Asst. Prof. Soteris Demetriou

Director of Applications, Platforms and Systems Security (APSS) research group

Phone
+44 (0) 20 759 48237
Email
s.demetriou@imperial.ac.uk
Twitter
https://twitter.com/SoterisD
LinkedIn
https://www.linkedin.com/in/soterisdemetriou/
External link
https://soteris.github.io/

Dr Soteris Demetriou is a Lecturer (Assistant Professor) of Computer Systems Security at the Department of Computing at Imperial College London and the Director of the Applications, Platforms, and Systems Security research lab (APSS).

His interests lie in the security and privacy of mobile and cyber-physical systems. By analyzing operating systems, networking protocols and side-channels his work has uncovered design flaws and severe vulnerabilities on the Android operating system, Amazon services and commodity IoT devices among others, affecting millions of users. In response, his work has introduced tools, methods, and end-to-end systems to improve end-user privacy and strengthen security on mobile systems.

These include tools using code analysis and instrumentation, natural language processing and machine learning for detecting mobile applications’ privacy leakage, security enhancements for the Android OS middleware and its underlying Linux kernel, fine-grained access control for smart-home IoT devices by combining network and mobile application information and a framework which leverages trusted computing principles to preserve the privacy of machine learning models on resource constrained devices, among others.

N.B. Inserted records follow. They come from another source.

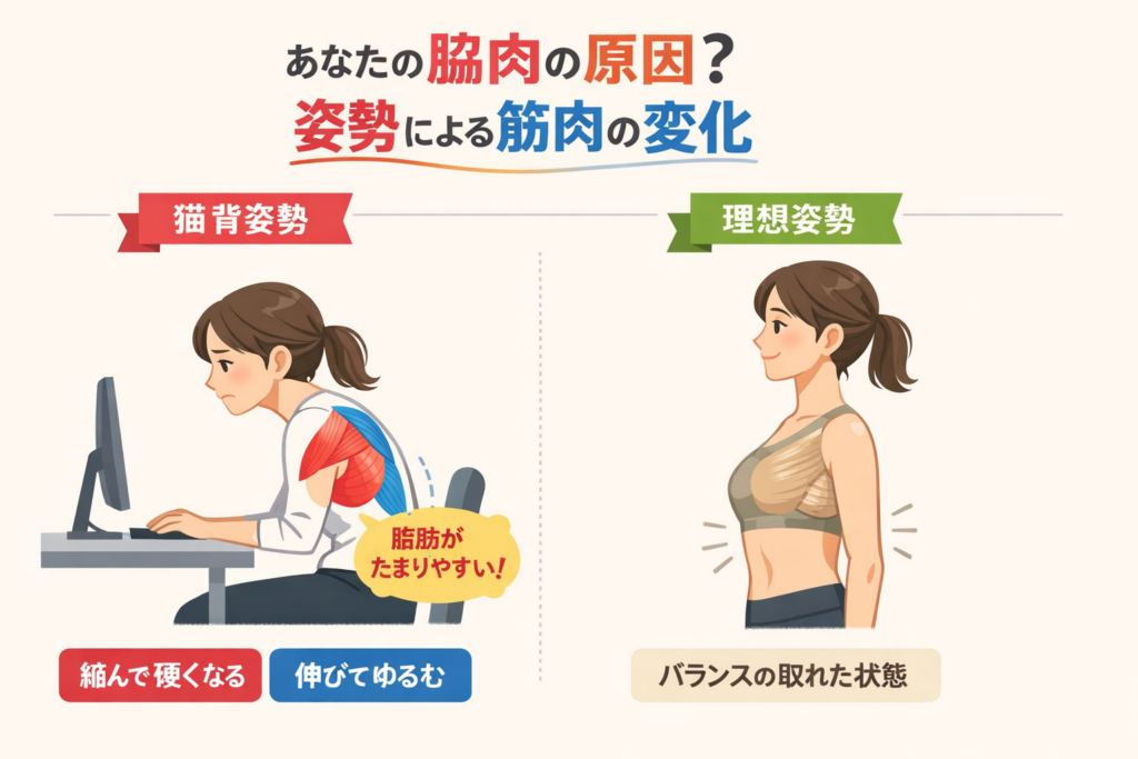 実は、長時間のデスクワークが引き起こす「猫背」や「巻き肩」といった姿勢のクセが、結果として脇肉が付きやすくなる大きな原因になっています。心当たりはありませんか?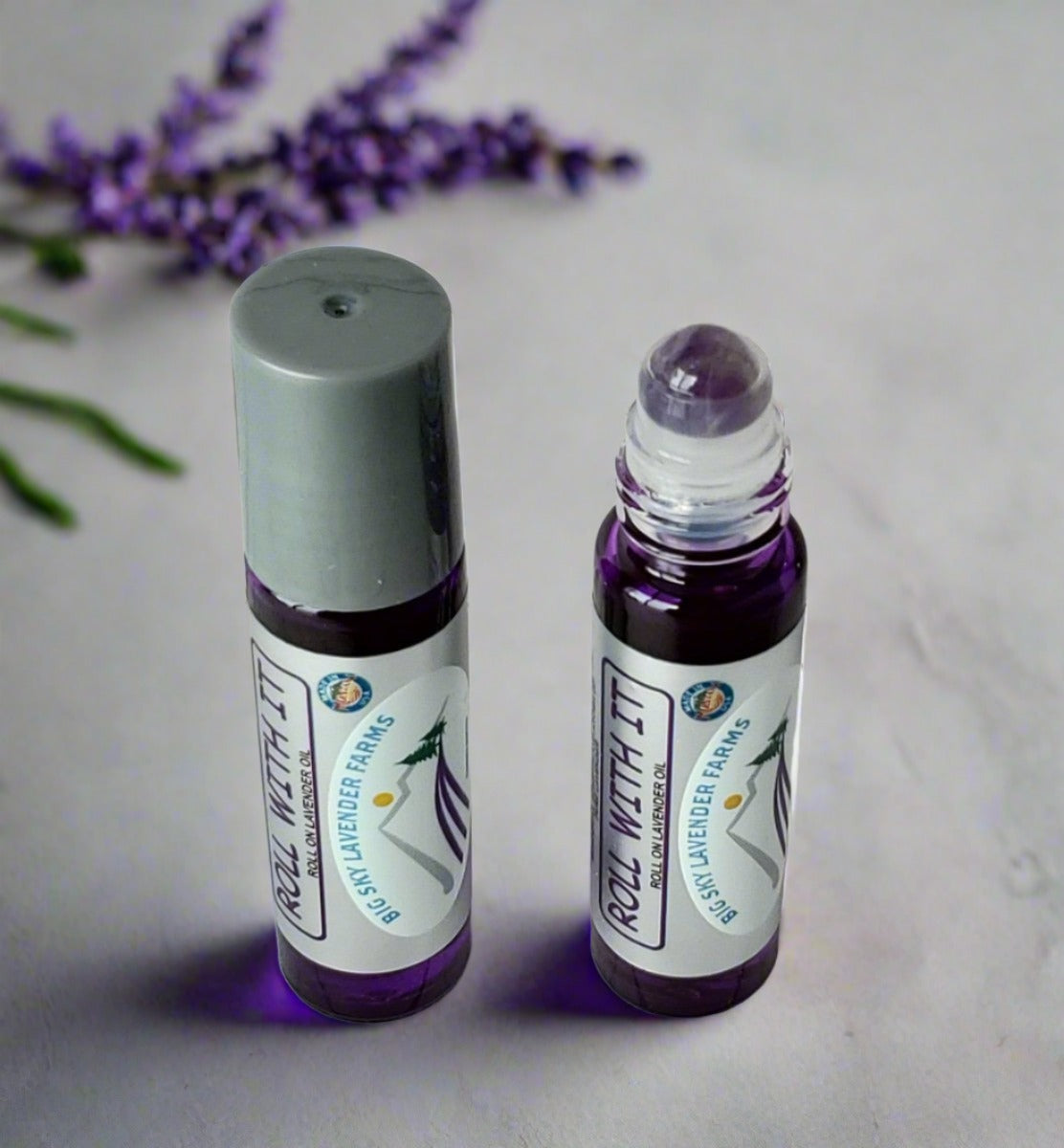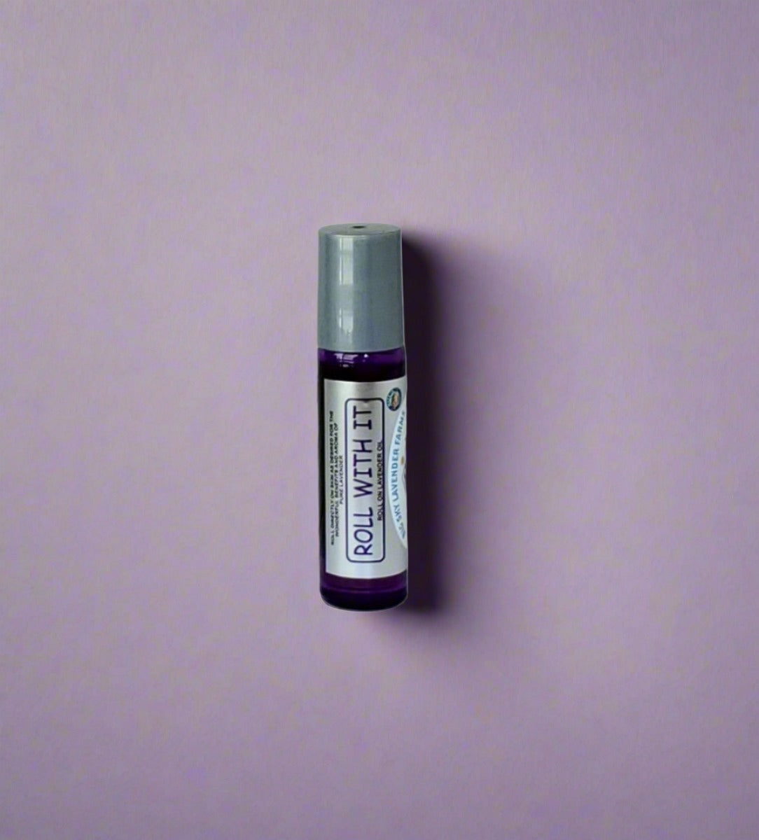 Roll With It lavender oil comes in a 10 ml purple glass bottle with an amethyst rollerball.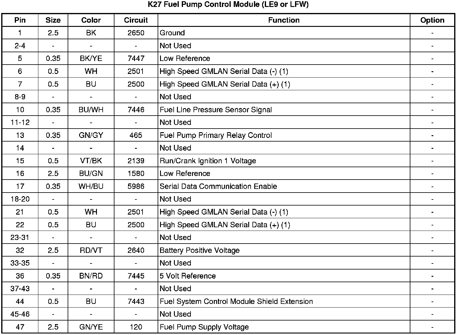K27 Fuel Pump Control Module (LE9 or LFW)

Dr Demetriou’s work appeared multiple times in top international systems security conferences such as NDSS and ACM CCS but also in other systems and sensing conferences such as IEEE Infocom, ACM MobiSys and ACM SenSys. His work received prestigious awards, including a distinguished paper award at NDSS (‘18). His mobile systems security work is also close to practice and resulted in relevant patents. Currently, Dr Demetriou also works closely with Meta (Core Systems) on large scale distributed computing problems.